Good afternoon to you all. It's been a very long time since I posted here. And that's okay with me. I just like to know that this blog is here, for when I'm feeling weak, when I need a reminder of what's important to me.
And today is one of those days. I have some accomplishments and some failures that I want to talk about and to get off my chest.
First, the accomplishments!
-Ian and I have finally moved to the city. We moved in August, actually, and have been living the city life for eight happy months. No, I did not fit all my stuff in one car-load but Ian and I donated two minivans-full of stuff before our move. And we donated another car-load after our move. And we just donated more things last weekend. Figuring out what we really need to be happy is a work in progress. We're just as happy (if not happier in a lot of ways) living in our small-ish apartment than we were in our two story house with full basement and garage.

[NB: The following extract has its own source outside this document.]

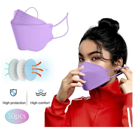 Masque facial 4 plis : les masques jetables sont fabriqués en tissu non tissé, deux couches de tissu de défense et une couche de coton électrostatique. La forme de poisson 3D est plus respirante et confortable à porter.
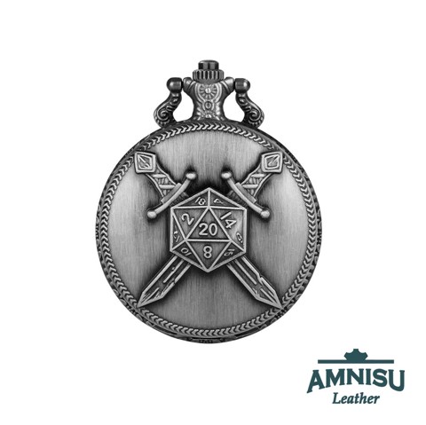 Ezüst d20 karddal mini fém kockaszett zsebóra tokban

-We moved to an apartment just under 2 miles from my work, which was a goal I set for myself over 3 years ago. We also live half a mile from an awesome co-op grocery store. Ian and I walk there for small grocery runs and plan to shop there more often now that the snow has melted. And for better or for worse, we also live half a mile from an old timey ice cream parlor that has the best cookies and cream ice cream I've ever tasted!

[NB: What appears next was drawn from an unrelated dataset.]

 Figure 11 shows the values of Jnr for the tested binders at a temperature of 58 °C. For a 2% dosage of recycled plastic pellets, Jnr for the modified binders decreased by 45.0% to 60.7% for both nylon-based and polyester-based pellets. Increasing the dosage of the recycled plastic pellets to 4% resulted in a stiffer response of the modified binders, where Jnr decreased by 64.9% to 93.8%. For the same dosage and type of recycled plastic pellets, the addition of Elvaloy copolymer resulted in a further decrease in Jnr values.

-I walk to work and back every day (with very few exceptions). I have since August. I walked through the worst heat-wave I can remember. I walked through rain and wind. I walked almost every day through the coldest Minnesota winter in 20 years. If it was warmer than -40 degree wind-chill, I walked. I bought boots, I dressed in layers, I figured out how to stay warm. It was an amazing challenge for this indoor-loving girl. But I did it and I am very proud of myself. I have a goal to walk 1,000 miles in 2014 which includes walks to work, restaurants, shopping, meetings and walks just for fun. I'm up to 162 miles so far...I have a lot to go!

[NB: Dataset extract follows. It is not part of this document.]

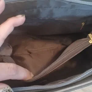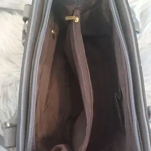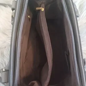 Beautiful gray faux leather satchel has lighter gray stitching designs on the front and goldtone hardware.

Change can be a truly wonderful gift, as I've experienced firsthand. It can also be so wonderful and exciting that it's easy to lose focus on other important aspects of life. It's taken me a while to notice but I have let some things slide.
-I've been spending a lot of money. I don't exactly know where it's going but I know it's too much. I want to save for my future, for trips to far-away lands, for expensive and nutritious food at the co-op down the street. I'm keeping track of everything I spend and re-focusing on the necessities. I'm working to find some balance.
-I have a new hobby and with that comes lots of new supplies to buy and store. This is where lots of my money is going. It's fun to buy things and make things but I now have more yarn than I will ever be able to use in my entire lifetime. And that makes me sad. And yet I still want to buy more yarn. Just to have it for someday, just in case, just because it's pretty. But this too must stop. I have enough. The yarn can live at the store until I need it. And I won't need it for many, many years.
-I eat way, way too much. Walking every day has increased my appetite but that's not the whole truth. The truth is that I have no interest in controlling my portions when we're eating delicious food. And Ian and I make some really delicious meals! I want to be someone who eats for nutrition and pleasure. I think both are important. But moderation is also important.
-I used to be vegan. And then I was mostly vegan. And now I eat cheese and sometimes (although rarely) eggs which, if I'm being honest with myself, makes me just a plain old vegetarian. And that bothers me. I am making bad choices. I'm allowing my love of all things cheesy to be my excuse for harming animals. And dairy and egg farming does harm animals. And harm is really just a polite word for torture. I've seen things that can be described no other way. I do not want to be the kind of person who ignores suffering in exchange for pleasure. Nothing in the world is that delicious. And even still, I know I will have to remind myself every day. It will be hard but I will try and I will be better.
Now that I have put my feelings and failures into words, I see that there are obvious paths towards change. I must simply start walking. And we all know that I CAN do that...so I'm off to a good start.